OTHERMulligan mobilization

Participants assigned to the Mobilization with Movement (MWM) group will receive manual therapy based on the Mulligan concept. The intervention will consist of the application of sustained, pain-free accessory mobilization to the glenohumeral joint combined with active physiological shoulder movements, primarily in shoulder flexion and abduction. The direction and grade of mobilization will be individually determined according to the patient's symptoms and movement restrictions, ensuring that all movements are performed within a pain-free range. MWM interventions will be administered by a trained physiotherapist following a standardized treatment protocol. Each treatment session will last approximately 20-30 minutes and will be applied multiple times per week throughout the intervention period. The primary goal of the intervention is to improve joint mechanics, reduce pain, and enhance proprioceptive input by facilitating normal, pain-free movement patterns.

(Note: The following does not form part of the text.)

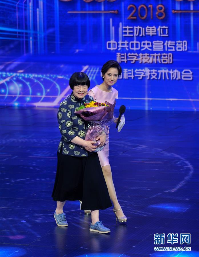 中国科学院古脊椎动物与古人类研究所研究员张弥曼(左)在主持人陪同下走上舞台(6月10日摄)。

OTHERConventional Physiotherapy

Participants allocated to the conventional physiotherapy group will receive a standard rehabilitation program commonly used for rotator cuff lesions. The intervention will include therapeutic exercises targeting shoulder range of motion, strengthening of the rotator cuff and scapular stabilizing muscles, and stretching exercises for periarticular soft tissues. Physical therapy modalities such as heat or ultrasound may be applied as needed for pain management. This intervention will be delivered by a physiotherapist according to established clinical guidelines. Mobilization with Movement or other Mulligan-based manual therapy techniques will not be included in this group.


Locations(1)

Ahi Evran University

Kırşehir, Turkey (Türkiye)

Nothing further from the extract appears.